The UAE is calling Iran’s Hormuz blockade “economic terrorism against every nation” because it weaponizes a critical global chokepoint that affects the entire world’s energy supply, not just the Middle East. Dr. Sultan Al Jaber, CEO of the Abu Dhabi National Oil Company (ADNOC), stated bluntly at the S&P Global CERAWeek conference on March 23, 2026: “Weaponising the Strait of Hormuz is not an act of aggression against one nation, it’s economic terrorism against every nation.” The UAE’s position reflects a fundamental argument—that no single country should be allowed to hold the global energy supply hostage, regardless of its regional disputes.
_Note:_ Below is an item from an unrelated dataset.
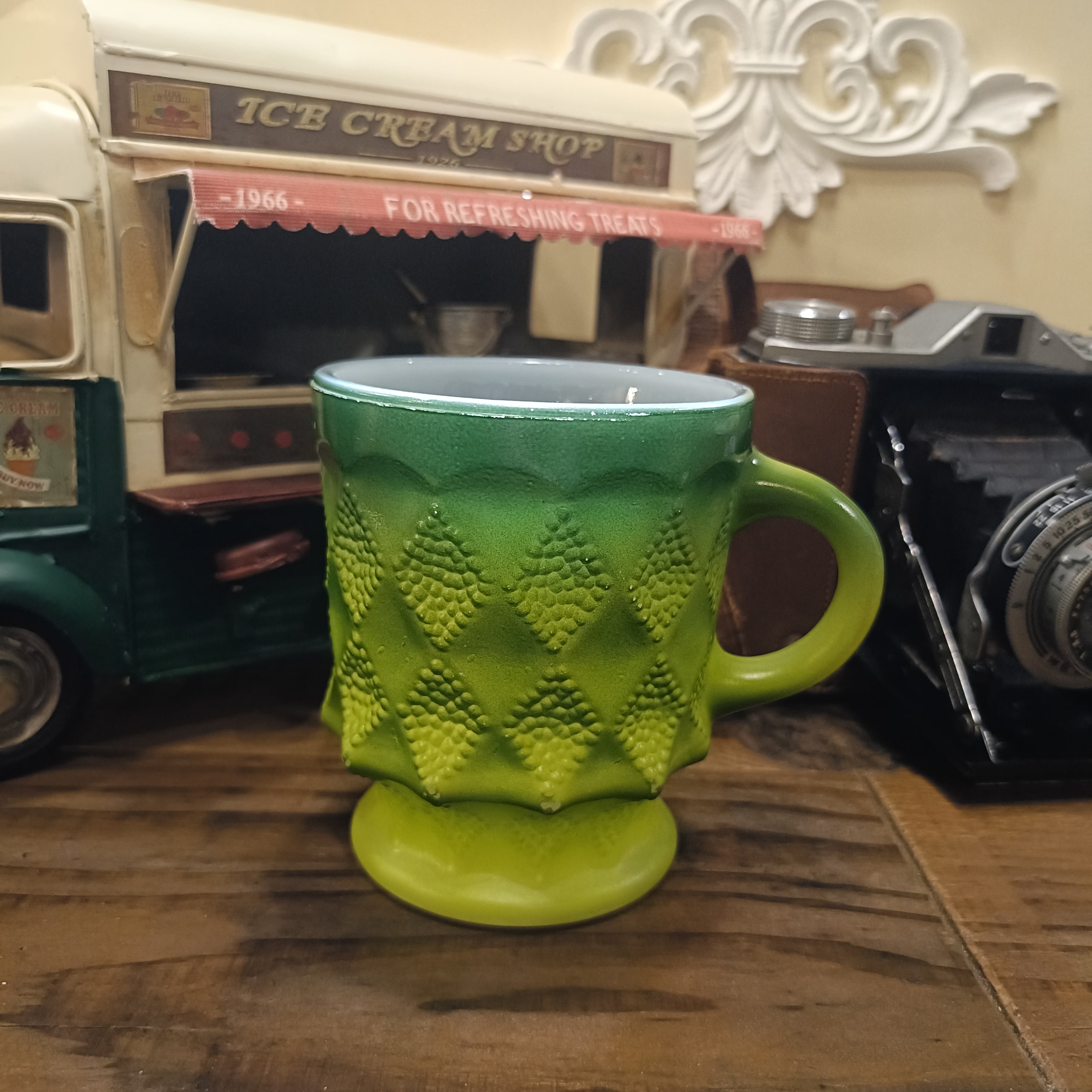 そして1942年にFire-Kingブランドが誕生し、ミルクガラスを中心としたFire-Kingシリーズとカラフルなガラス製品を展開していきます。

This article explains what triggered this statement, how the blockade works, the economic damage spreading globally, and why the UAE and over 20 other countries are now demanding an immediate end to the attacks. Since late February 2026, when Iran began effective closure of the Strait of Hormuz in retaliation for US and Israeli military strikes, approximately 20 million barrels of oil per day have been removed from global markets. That represents roughly 20% of the world’s total oil and liquefied natural gas supplies—a disruption so severe that oil prices have surged 50% in just three weeks and gained 84% year-to-date. The consequences are not limited to the Middle East; they ripple through hospitals, manufacturing plants, heating systems, and transportation networks across every continent.
Table of Contents
- Why Is the Strait of Hormuz So Economically Critical to the World?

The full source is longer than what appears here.